COLLECTED DATA Block Start

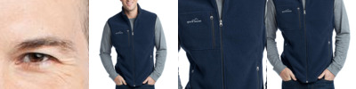 Ward off early morning chills by insulating your core with this soft, cozy vest. Contrast rolled top collar, zippered chest pocket, reverse coil contrast zippers, front zippered pockets with tricot lining, binding at armholes and an open hem. Contrast Eddie Bauer logo embroidered on right chest. Made of 12-ounce, 100% polyester fleece which incorporates Low Impact Technology™ for enhanced softness and performance.
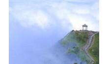 探海石,是位于岱頂?shù)囊粔K突兀伸出的怪石,其上可觀云海玉盤奇景。夏天,雨后初晴,大量水蒸氣蒸發(fā)上升,加之夏季從海上吹來的暖溫空氣被高壓氣流控制在海拔 1500米左右的高度時,如果無風(fēng),在岱頂就會看見白云平鋪萬里,猶如一個巨大的玉盤懸浮在天地之間。遠(yuǎn)處的群山全被云霧吞沒,只有幾座山頭露出云端;近處游人踏云駕霧,仿佛來到了天外。
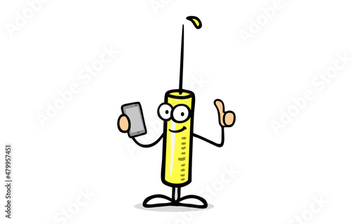 Spritze mit Smartphone und Coronavirus Impfstoff

COLLECTED DATA Block End

:: HOW TO COMPLETE THIS TASK ::
The listing is to be repeated word for word, with all pictures omitted.

:: ANSWER BOX ::
 Ward off early morning chills by insulating your core with this soft, cozy vest. Contrast rolled top collar, zippered chest pocket, reverse coil contrast zippers, front zippered pockets with tricot lining, binding at armholes and an open hem. Contrast Eddie Bauer logo embroidered on right chest. Made of 12-ounce, 100% polyester fleece which incorporates Low Impact Technology™ for enhanced softness and performance.
 探海石,是位于岱頂?shù)囊粔K突兀伸出的怪石,其上可觀云海玉盤奇景。夏天,雨后初晴,大量水蒸氣蒸發(fā)上升,加之夏季從海上吹來的暖溫空氣被高壓氣流控制在海拔 1500米左右的高度時,如果無風(fēng),在岱頂就會看見白云平鋪萬里,猶如一個巨大的玉盤懸浮在天地之間。遠(yuǎn)處的群山全被云霧吞沒,只有幾座山頭露出云端;近處游人踏云駕霧,仿佛來到了天外。
 Spritze mit Smartphone und Coronavirus Impfstoff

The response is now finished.